THE PA’S NAME was Helen Oakes. Lucas, standing at a front window, watched her walking up the driveway two steps ahead of her FBI escort. She was wearing a conservative gray suit, and he remembered that she was wearing gray the first time they’d seen her: not a woman given to flamboyance.

Bob and Rae were watching an FBI search team guy rolling up rugs, and Lucas called to them: “She’s here. Let’s get out of sight.”

They hurried into the study, and Chase met Oakes at the front door and took her to the living room.

Rae told Lucas what she’d learned about Claxson’s rugs: “They’re okay, not great. Most of them made in India. The rug guy told me they look better than they actually are.”

They were still talking about the rugs, and the guns and the mirrors, and the antique boxes, and the two Japanese swords racked near the door, when, ten minutes later, Chase poked her head in the room, and said, “I worry about this, so . . . go easy as you can.”

Lucas nodded. “Sure.”



* * *





WHEN LUCAS, BOB, AND RAE walked into the parlor, Oakes was seated on a beige, Italian-looking couch, knees tight together, elbows tight to the ribs, purse in her lap, held with both hands. She was frightened.

Rae dropped on the couch beside her, a few inches too close. “Ouch!” she exclaimed, reaching under her jacket and pulling out her Glock. She leaned across Oakes and, with noisy clatter, dropped it on the end table, its muzzle pointing toward Oakes. To Oakes she said, “Shit gets up my back, know what I’m sayin’?”

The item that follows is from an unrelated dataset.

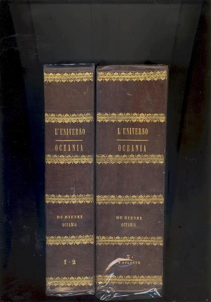 TRE VOLUMI IN DUE TOMI IN 8° COSI' RIPARTITI : TOMO PRIMO ( VOL. 1° e 2° ), pp.416 e 411.<BR>NEL PRIMO VOLUME, ALLE pp.81 - 84, SONO RIPORTATI BRANI MUSICALI DI ARIE E CANTI DELLE ISOLE. TOMO SECONDO ( VOL. 3° ), pp: 624. A SEGUIRE L'ATLANTE CON LE 312 INCISIONI f.t. in b/n., COME RIPORTATO NEL FRONTESPIZIO, DI CUI LE ULTIME CINQUE DOPPIE + v.r. CHE RAPPRESENTANO : 1, SCHIZZO D' UNA CARTA GEOGRAFICA ED ETNOGRAFICA DELL'ISOLA CALEMANTAN O BORNEO, 2, MELANESIA DIETRO LE CIRCONSCRIZIONI AGGIUNTE DA M. DE RIENZI. 3, POLINESIA E MICRONESIA. 4, MALESIA. 5, OCEANIA. OPERA FACENTE PARTE DELLA COLLANA " L'UNIVERSO " O STORIA E DESCRIZIONE DI TUTTI I POPOLI, ECC. TRADUZIONE DI A. FRANCESCO FALCONETTI, TESTO SU DUE COLONNE. LEGATURE D'EPOCA IN MEZZA PELLE CON TITOLO E FREGI IN ORO, PIATTI RIGIDI MAREZZATI. DA SEGNALARE CHE LE TAVV., SONO 314 E NON 312 COME RIPORTATO NEL FRONTESPIZIO, IN QUANTO LE TAVV. GEOGRAFICHE RIPIEGATE SONO CONSIDERATE DOPPIE, COME SI RISCONTRA IN ALTRI VOLL. DELLA COLLANA. OTTIMA CONSERVAZIONE GENERALE. ID, 5383
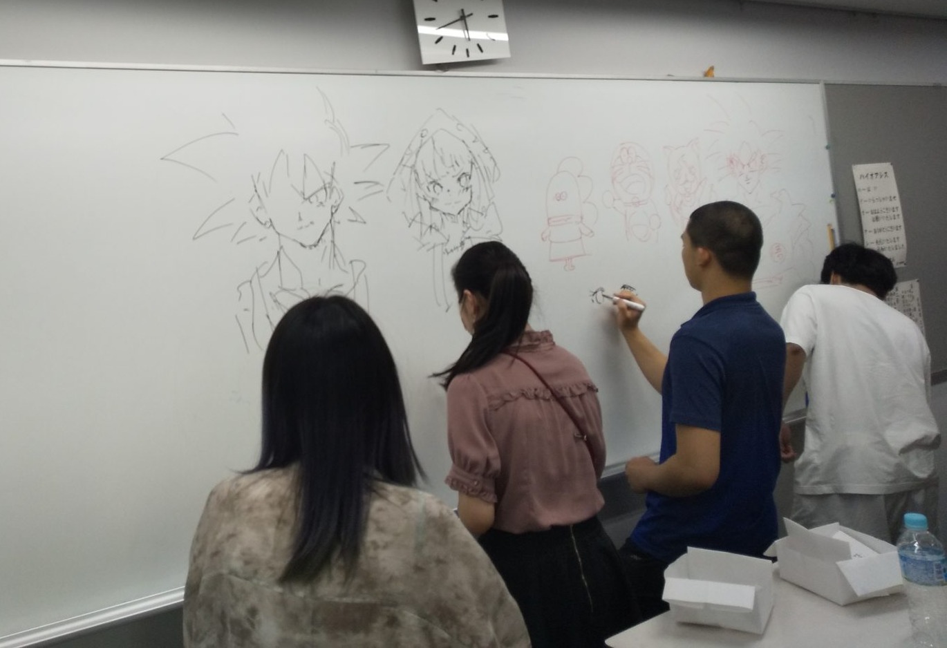 6~7人のグループに分かれ絵しり取りなど、イラストをボードに描いて楽しむゲームで盛り上がりました。

It wasn’t a real question, and Oakes didn’t answer. Lucas took a chair facing her, and Bob dragged over another chair, its legs scraping across the plank floor with a tooth-rattling screech, until he was also too close to her.

Lucas said, “Miz Oakes . . .”

Bob: “Jesus, Lucas, call her Helen—we’re all friends here. That is your name, right? Helen?”

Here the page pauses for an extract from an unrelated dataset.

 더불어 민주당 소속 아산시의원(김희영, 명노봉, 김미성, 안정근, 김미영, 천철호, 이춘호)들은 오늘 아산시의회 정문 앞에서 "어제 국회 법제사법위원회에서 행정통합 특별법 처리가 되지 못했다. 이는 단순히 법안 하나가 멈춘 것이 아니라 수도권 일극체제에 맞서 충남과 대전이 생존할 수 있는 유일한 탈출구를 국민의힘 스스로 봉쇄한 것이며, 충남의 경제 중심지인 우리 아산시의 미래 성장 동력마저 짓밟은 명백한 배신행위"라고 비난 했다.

Oakes nodded, flinching away from Bob.

Lucas said, “Okay, Helen. Look, we don’t want to frighten you, and you’re not required to tell us anything. We won’t arrest you at this point, but you are in serious jeopardy.”

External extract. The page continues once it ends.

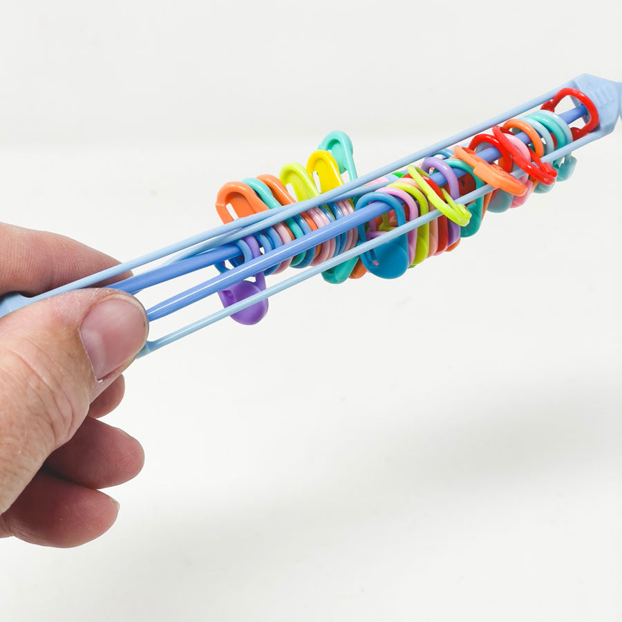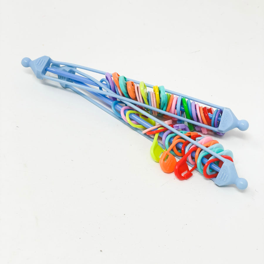 Two Plastic Stitch Savers with Stitch Markers

“That’s the fucking truth,” Rae said. “He ain’t bullshitting you, babe . . . Excuse the language.”

“Everybody, shut up,” Lucas said. “I’m talking.”

“Yez, boss. I always do what white people tell me,” Rae said.

“Shut the fuck up, both of you, and let Helen talk,” Bob said.

Lucas continued. “Helen, your boss is going to prison for a very long time. Probably for a couple of decades or more, if we get him for these murders. I’ll be honest and tell you we aren’t all that interested in you. You’re small fry. We’re interested in Claxson and some of his military operators. If you stonewall us and we give up on you . . . we could easily throw you in the same bag. We know you must have had intimate knowledge of what was going on in there, since you’re so close to Claxson—”

“I was his PA!” Oakes wailed, opening her mouth for the first time. “I handled his schedule and travel reservations, but I didn’t do any of the business stuff.”

“Oh, horseshit,” Rae said.

Lucas snapped: “Rae, I don’t want to have to warn you again.”

“You ain’t warned me the first time, cracker,” Rae said. To Oakes she said, “I can tell you from personal experience, honey, that you don’t want to fuck with the FBI. Those coldhearted motherfuckers drop you in a hole without thinking about it twice, and not even remember you’re there after they throw you in. Claxson’s going down for thirty. You don’t want to be in that bag.”

“C’mon, Rae,” Bob said, “don’t be trying to scare her.” To Oakes he said, “Even if they put you in prison, well, federal prison, especially for women, isn’t that bad. You get three hots and a cot and good medical attention.”

“Not the only kinda attention she’d get,” Rae said, lifting her eyebrows. “Some of them rug munchers can get right up in your lap.”

“C’mon, Rae, goddamnit,” Bob said.

Lucas raised his voice. “Again, everybody shut up.” To Oakes: “Claxson’s computers are all encrypted. Do you know his private key?”